Mule 3. Rebooted.


Mule 3 Milestone 3 (3.0.0-M3) is ready to hit the streets, and today we’d like to talk about a fundamental transformation that it has undergone. Mind you, it’s not the only one 🙂

Ever since Mule pre-1.0 was out in the wild, there was one thing which many felt missing: “What constitutes a Mule application?”. Most of the time, it was an integral part of any Mule rollout, which wasn’t necessarily a bad thing. Then, we felt (and you raised your voice) that there was so much more that could’ve been done, especially with tools like the new Mule ESB Management Console.

Milestone 3 features an early preview of the new model for deploying Mule applications. Find more detailed docs here, but for most of us, lazy folks, here’s a quick summary for deploying an app ‘foo’:

  • Create a directory under $MULE_HOME/apps/foo
  • Jar custom classes (if any), and put them under $MULE_HOME/apps/foo/lib
  • Put the master Mule config file at $MULE_HOME/apps/foo/mule-config.xml (note that it has to be named mule-config.xml
  • Start your app with mule -app foo

As a bonus, application’s master config file is monitored, so if there are any class changes you want to pick up or simply modify the config, save or touch mule-config.xml and Mule will hot-reload the application.

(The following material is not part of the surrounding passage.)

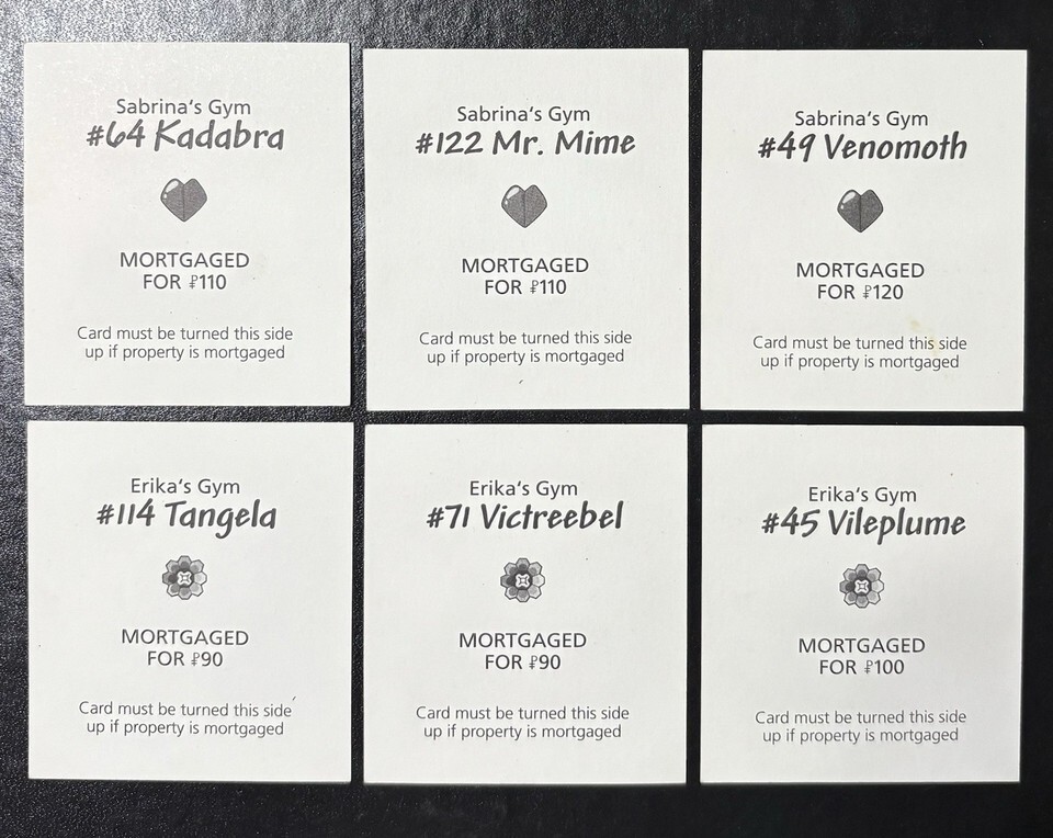 Pokemon Monopoly 1999 Collectors Edition Replacement Pieces: 6 Property Cards

So, why is this such an important step for Mule? Doesn’t sound like much unless you realize that there can be more than one app, nicely isolated and structured under the apps directory. Some of the goodies one gets are:

  • Applications can depend on different library versions, even if they would conflict before
  • Operations folks would be happy to have clear boundaries for a Mule application to work with
  • Running multiple applications side-by-side (this one is not in Milestone 3, but is coming up)

Before anyone cries ‘application server!’, we’d like to stress that our goal is not to reinvent the wheel, and we’d never chase a mythical compliance with every specification out there. The focus is very pragmatic, and we’d only do something that makes sense for our users and no more.

On this note, I’d like to say that this new model is not officially enabled by default yet, there’s a 1-line config change to make (check the docs). However, we encourage you, the user, to give it a try, provide feedback (praise or complaint, we don’t mind either 😉 ), and share any thoughts and suggestions that you think would benefit you and the community.

Download Mule ESB 3 Community M3

On your mark, get set…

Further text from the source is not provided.